Охраняло убежище Гитлера 700 отборных солдат. Тройным кольцом часовых
была опоясана имперская канцелярия.
Здесь, в подземелье у фюрера, идут бесчисленные заседания и совещания.
Шепчется он с приближенными, ищет путей, как продержаться дольше, как затянуть
войну. На чудо надеется Гитлер: вдруг не хватит у русских сил, вдруг вообще
случится что-то негаданное.
Тяжелые вести приходят с фронтов. Гитлер приходит в бешенство. Страшен
фюрер в такие минуты. Глаза вот-вот, кажется, вылезут из орбит, на руках
надуваются вены. Бегает Гитлер по комнате. Пробежит, остановится. Пробежит,
остановится. И кричит, и кричит, и кричит. Эти крики словно удар хлыста. Цепенеют от
них приближенные. Вжимают шеи в тугие армейские воротники. Готовы, как снег,
растаять.
Особенно грозен был Гитлер тогда, когда пришло сообщение, что советские
войска прорвали фашистскую оборону у Зееловских высот на Нейсе и на Одере.
— Измена!.. — кричал Гитлер.
— Трусы! Тупицы!.. — клял своих генералов.
— Расстрелять виновных! — Через минуту: — Нет, повесить! — Еще через
минуту: — Нет, расстрелять, а затем повесить...
И снова:
— Предатели!..
— Трусы!..
20 апреля 1945 года в подземелье отмечался день рождения фюрера.

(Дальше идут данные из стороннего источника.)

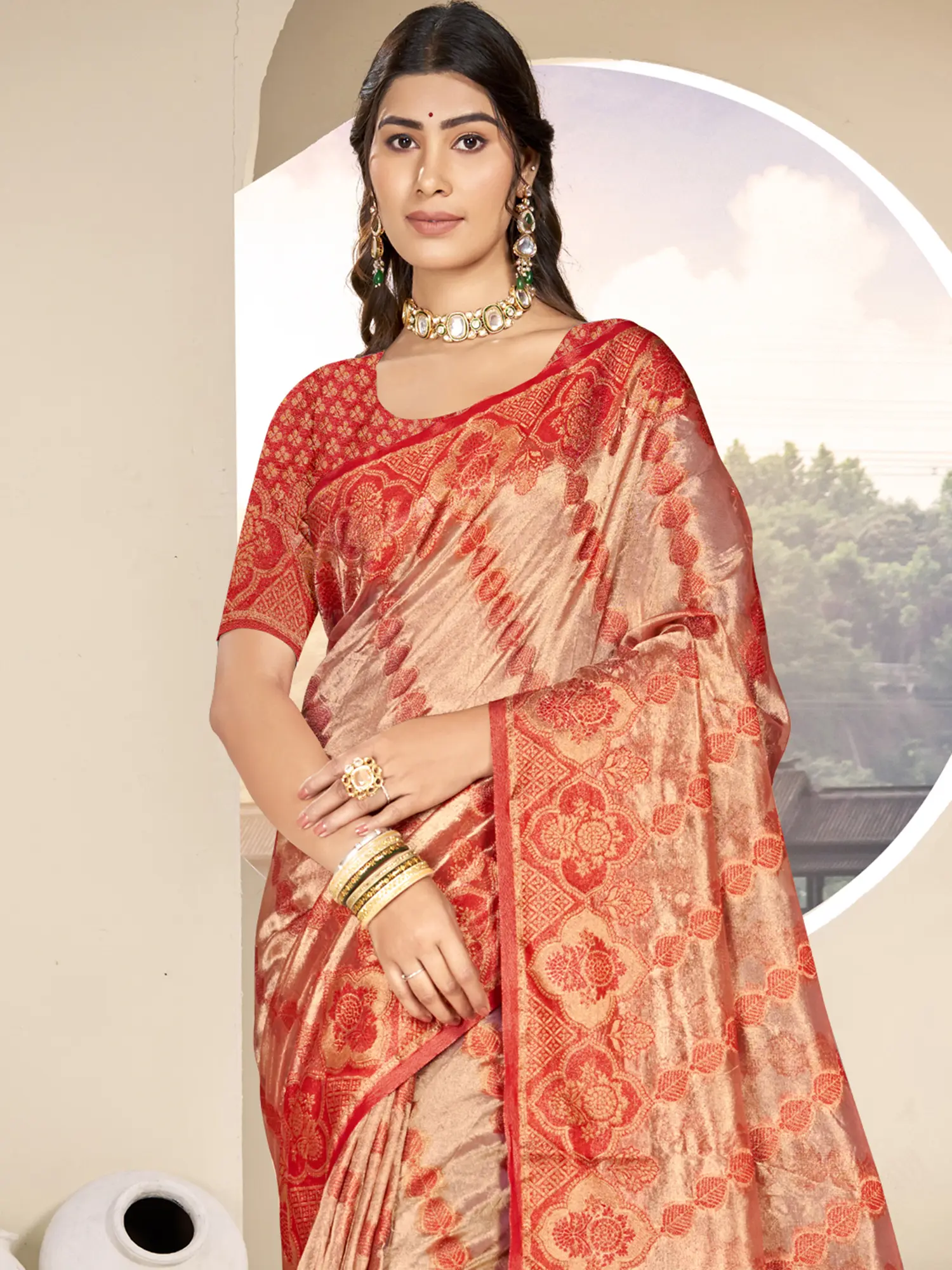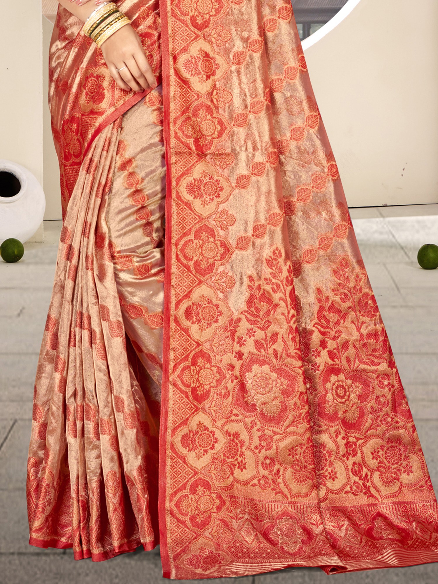Attractive Floral Leaf Motifs Festive Wear Saree With Contrast Tassels Pallu
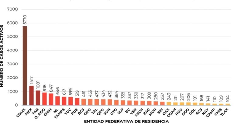 El estado de Chihuahua ocupa el noveo lugar en fallecimientos por coronavirus y el quinto respecto a casos activos, de acuerdo al reporte diario de la Secretaría de Salud del Gobierno Federal.
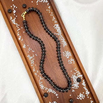 Soft as a whisper, dark as a dream - the Velvet Moon Necklace captures the quiet magic of midnight. Each bead shimmers with deep chocolate and charcoal tones, like moonlight gliding across velvet skies. It’s the kind of piece that feels mysterious yet comforting - grounded, elegant, and a little bit whimsical.
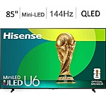 Model: Hisense 85" Class U6 Series Best Value Mini-LED 4K UHD Smart Fire TV (85U65QF, 2025 Model) - QLED, Native 144Hz, HDR10+, Dolby Vision IQ, Dolby Atmos, Built-in Subwoofer, Game Mode Pro, Alexa Built In
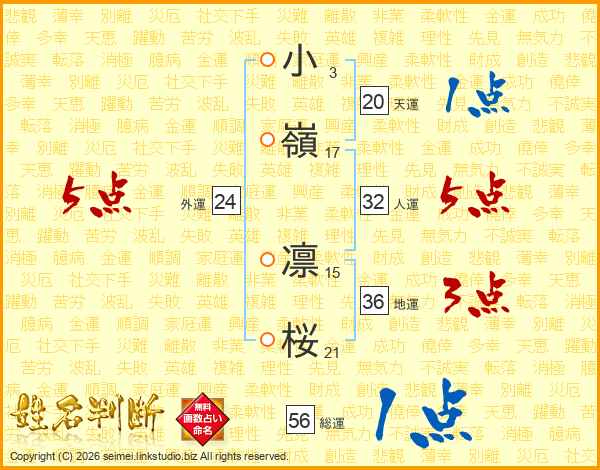 小(3画)嶺(17画) 凛(15画)桜(21画)
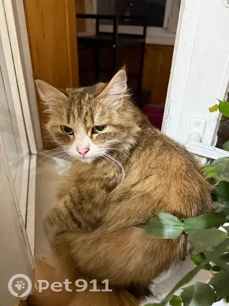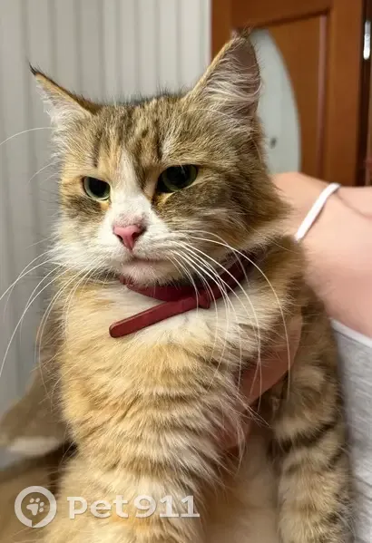 русая зеленоглазка с красным ошейником(от блох)! Встретили её испуганную у Пожарной части.. Очень ждёт своих хозяев
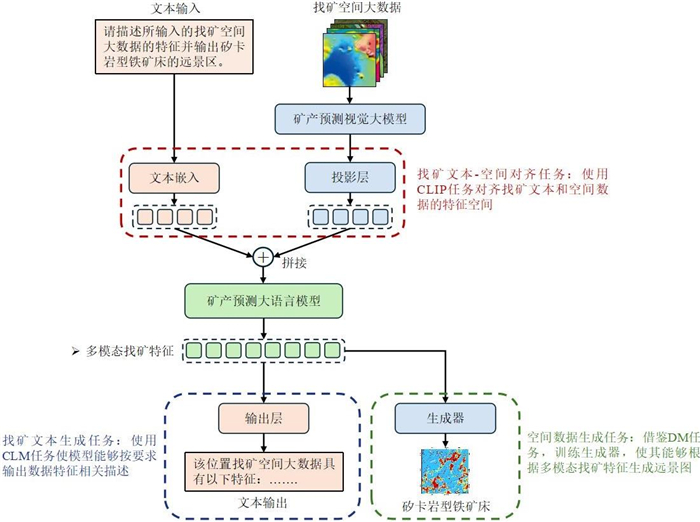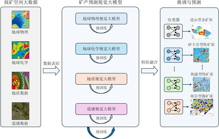 大数据人工智能驱动的矿产预测已成为矿产勘查的重要方向,但现有方法普遍存在泛化能力弱、迁移性差、可解释性不足等问题,难以实现跨区域应用.以“预训练-微调”为核心范式的大模型在自然语言处理、计算机视觉等领域展现出卓越的跨任务迁移能力和强泛化性,为突破上述瓶颈提供了可行路径.研发矿产预测大模型,对创新找矿范式、提升勘查效率具有重要探索价值,是智能矿产预测发展的新方向.本文聚焦大语言模型、视觉大模型及多模态大模型的技术特性,系统梳理了大模型的发展历程与构建流程.在此基础上,剖析了现有矿产预测大模型的技术路径与局限,探讨了面向矿产预测语言、视觉和多模态大模型的构建思路,分析了构建矿产预测大模型面临的挑战,为进一步研发矿产预测大模型提供参考.
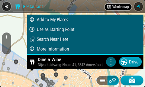 Można wyszukiwać UM-y (użyteczne miejsca) danego typu, np. restauracje czy atrakcje turystyczne. Możesz również wyszukiwać konkretne UM-y, np. ƒƒ„Pizzeria u Stacha”.

Нерадостен этот день — все ближе и ближе подходят к Берлину русские. Сидит фюрер в
кресле. Размяк, раскис. Опустил голову, не шевельнется. Приходят приближенные,
поздравляют Гитлера. Удаляются, словно тени. Крутятся возле Гитлера слуги и
адъютанты. Чем отвлечь от недобрых дум, чем угодить — не знают.

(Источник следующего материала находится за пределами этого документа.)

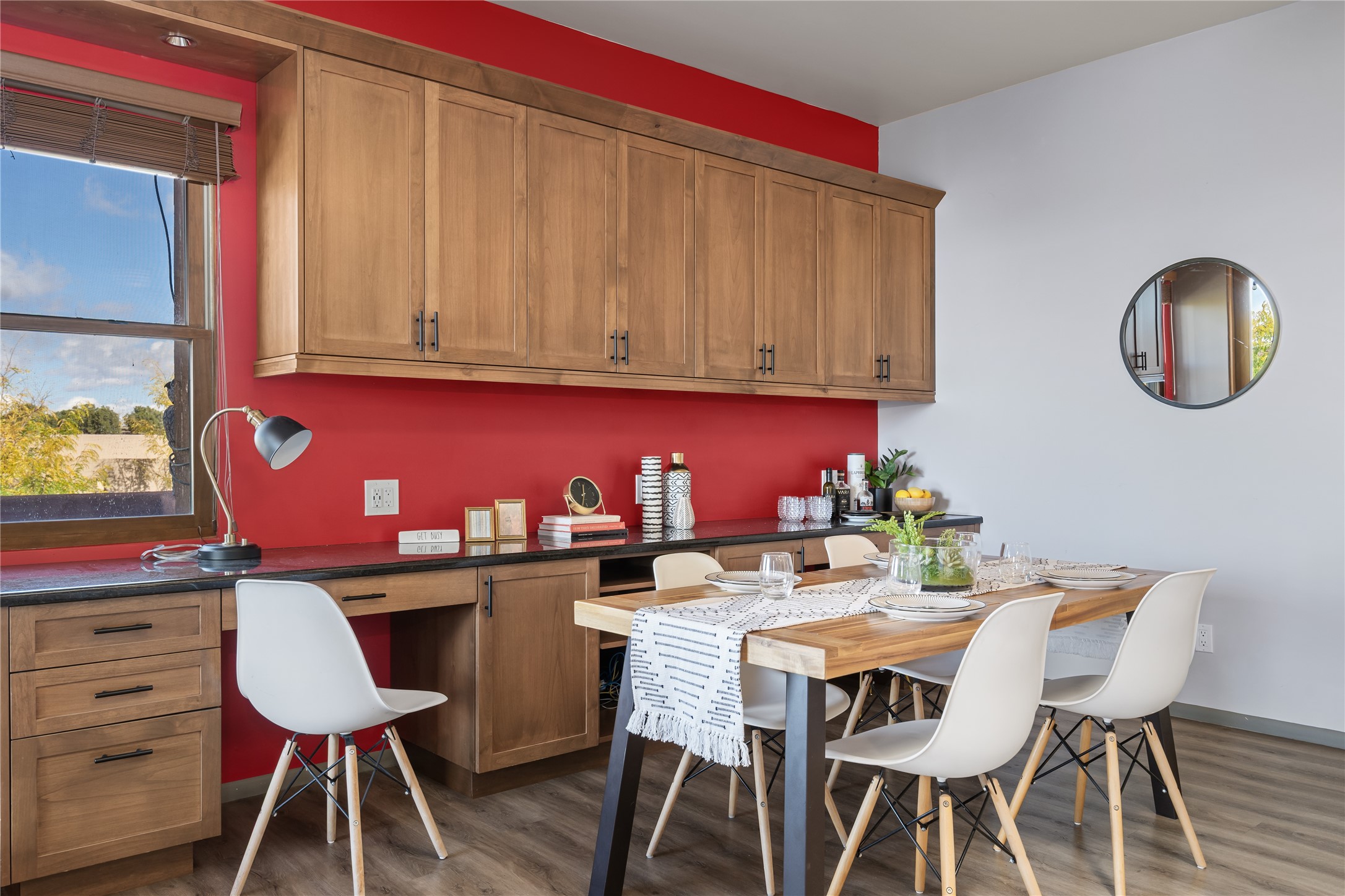 This modern corner-lot property in desirable Oshara Village offers the perfect blend of work and lifestyle flexibility. The ground floor features a spacious gallery/workshop--ideal for an artist, creative professional, or small business--divided into two rooms with expansive windows that flood the space with natural light. Additional highlights include a half-bath, workspace with a sink, durable concrete floors, and a lovely walled courtyard with flagstone, artificial grass, a pergola entertaining area, fountain, and mature landscaping, with direct access to a two-car garage.Upstairs, the light-filled two-bedroom, two-bath residence impresses with soaring ceilings, large windows, and an open floor plan. The chef's kitchen includes abundant workspace, a barstool-friendly island, sleek tile backsplash, and a GE Monogram six-burner cooktop/oven. The living area extends to a delightful outdoor deck, perfect for entertaining or enjoying mountain views. Luxury vinyl plank floors run throughout, creating a warm, modern feel.The spacious primary suite boasts a California Closets walk-in with built-ins, plus a spa-like bathroom with dual sinks, soaking tub, and separate shower. A second upstairs entrance from the back courtyard offers added flexibility--allowing the option to rent one level while living in the other.This unique property is a rare opportunity to combine work and home life in one stylish, functional space--or two separate spaces. Many other adjacent homes have also repurposed the downstairs as living space to provide the ultimate in comfort with multiple living areas. The popular Pantry Dos restaurant is within walking distance, along with an inviting community park and sculpture garden. The Santa Fe Community College with gym and swimming pool is nearby, and Richards and Rabbit Road offer easy access to Cerrillos/Zafarano shopping and the St. Francis Drive shopping area. The Plaza is an easy 15-minute drive.
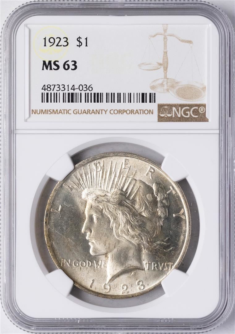 One 1923 $1 Peace Silver Dollar Coin NGC MS63. NGC Certified.

Вдруг оттуда, сверху, послышались залпы. Один, второй, третий. Это советская
артиллерия открыла огонь по Берлину. Все подняли головы вверх, застыли.
Встрепенулся Гитлер. Тоже голову поднял:
— Что там?
Не хватает ни у кого мужества сказать, в чем дело. Стоят, друг на друга искоса
смотрят. А потом все вместе — на адъютанта Гитлера генерала Бургдорфа. Не
растерялся Бургдорф, вышел вперед:
— Салют, мой фюрер! В вашу честь, мой фюрер!
Оживился Гитлер. Встал. Подтянулся. Руку за борт пиджака закинул.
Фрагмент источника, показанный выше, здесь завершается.